The bedtime story is safe - for the time being
Last updated at 11:32, Monday, 07 May 2012
There are many arguments about the value of an e-book versus the ‘real thing’, but none so convincing as Steve Matthews’.
“I can’t read Peter Rabbit to my granddaughter on an e-book,” he says simply.
The 63-year-old co-owner of Bookends stores in Carlisle and Keswick and secondhand bookshop Bookcase in Carlisle, was responding to the latest statistics comparing sales of e-books and printed books.
Official figures reveal that consumer e-book sales rose by 366 per cent in 2011, while the printed version saw an overall decline of just seven per cent.
This shows the majority of consumers still prefer the physical book, despite forecasters predicting that the electronic version would spell its demise.
Mr Matthews said: “The possibility of downloading books on the internet has been around for some time. They’ve been there, slowly encroaching for years.
“I think the e-book will end up taking 20 to 25 per cent of the book market, but it’s a constantly changing environment.”
He admitted sales had fluctuated but attributed that more to the economic climate than to the rise of the e-book.
“During an economic downturn our new bookshop sales go down a little,” he explained. “But, because people are tending to have holidays in Britain more our sales in our Keswick shop tend to go up.”
In fact, it is the internet rather than e-readers that have particularly affected bookshops.
Mr Matthews said sales of dictionaries and thesauruses are almost non-existent in his shops as everyone goes online, but blamed the ‘amazonification’ of the book market as the real problem.
“Amazon has such a hard-nosed business strategy in the way they are marketing the Kindle and books, both to the publishers and the general public,” he claimed.
“In terms of internet sales, it has an incredible percentage of them and it has reached a stage where no one can compete with them.”
The dramatic rise in e-book sales can be largely explained by the fact there is more choice now and more people are buying Kindles and e-readers.
However, the figures also show that those people buying e-books are also still buying printed books.
This is a contrast to other forms of media, such as the CD, which have been dramatically affected by the electronic ways of buying music.

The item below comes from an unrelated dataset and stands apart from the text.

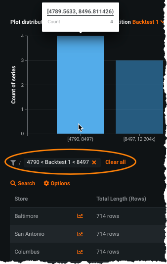 Clicking on a bin updates the table display to include results only for those series within the selected bin.
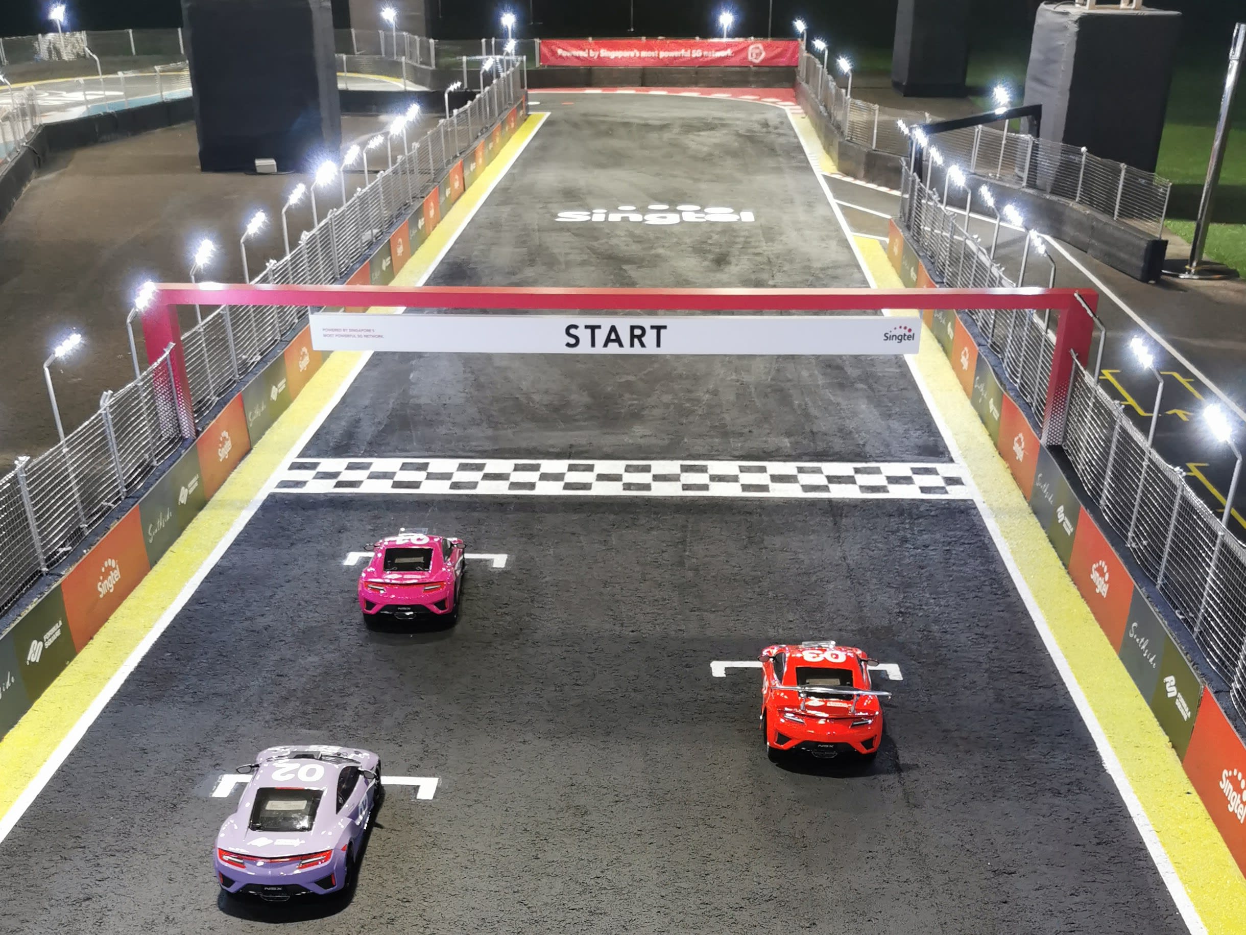 As you take control of a 1:10 scale radio-controlled car in Singapore’s first 5G-powered night e-Race, you get a real-time video feed of the racetrack – located 50m from the racing booths – from a camera attached to the cars.

Robert Hawthorn, 52, from Dumfries, has been assistant manager at Waterstones in Carlisle since it opened almost 15 years ago.

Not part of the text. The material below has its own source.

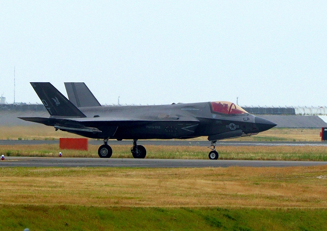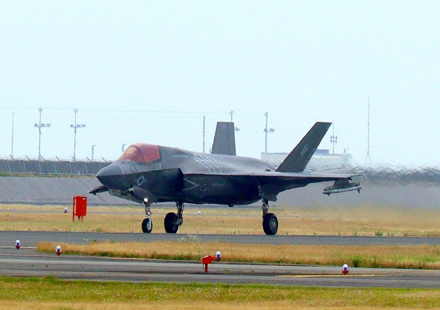 米海兵隊 F-35B ライトニングⅡ 戦闘機(岩国基地)、DT、15番機が着陸 12時35分に離陸した機。1時間03分の飛行でした。 |
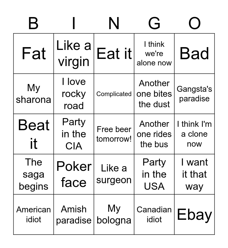 This bingo card has a free space and 30 words: Amish paradise, White & nerdy, Party in the CIA, Polka face, Fat, Eat it, I love rocky road, Like a surgeon, Another one rides the bus, My bologna, I think I'm a clone now, Ebay, Canadian idiot, A complicated song, Gangsta's paradise, Ridin', Party in the USA, The saga begins, Poker face, Bad, Beat it, I love rock 'n roll, Like a virgin, Another one bites the dust, My sharona, I think we're alone now, I want it that way, American idiot, Complicated and American pie.

He believes it is because there is something very special about a printed book.
“A book is tangible,” he enthused. “You can drop it in the bath – you can’t do that with an e-book.
“There’s a strong loyal following of people who just like to have something in their hand, to open it up and smell it.”
He added: “An e-reader takes time to warm up; you can just open a book.”
Mr Hawthorn believes the market is growing though, to encompass the old and the new.
“A lot of our customers have both an e-reader and buy books; it’s not a ‘them and us’,” he insisted.
“It’s all about accessibility. I think it may well be people who have always had a reluctance to come into a bookshop and I think it’s that section of the population who find them a bit intimidating who will buy e-books.
“I believe e-readers also tend to be used more for fiction, when going on holiday, and therefore sales of academic or reference books have been unaffected.”
As more people try their hand at writing a book or a novel, there has been a marked increase in the number of different types of books published. Inspired authors are self-publishing or having their work published by smaller print houses.
Mr Matthews said it is this variety that is not always available in an e-book.
“If you look over 20 or 30 years we’ve got a constant increase in people being educated to a university degree standard and reading more.
“People’s interests are also getting more and more detailed. That is really noticeable and books cater for individual interests more than anything else around.”
And so, despite being in the centre of a continually advancing technological age, Mr Matthews believes there will always be a place for the printed book on the shelves – and in the hearts – of people of all ages.
He added: “There are so many occasions you wouldn’t dream of using a Kindle, and you can pore over the detail in a book.”
For now at least, the traditional bedtime story is safe.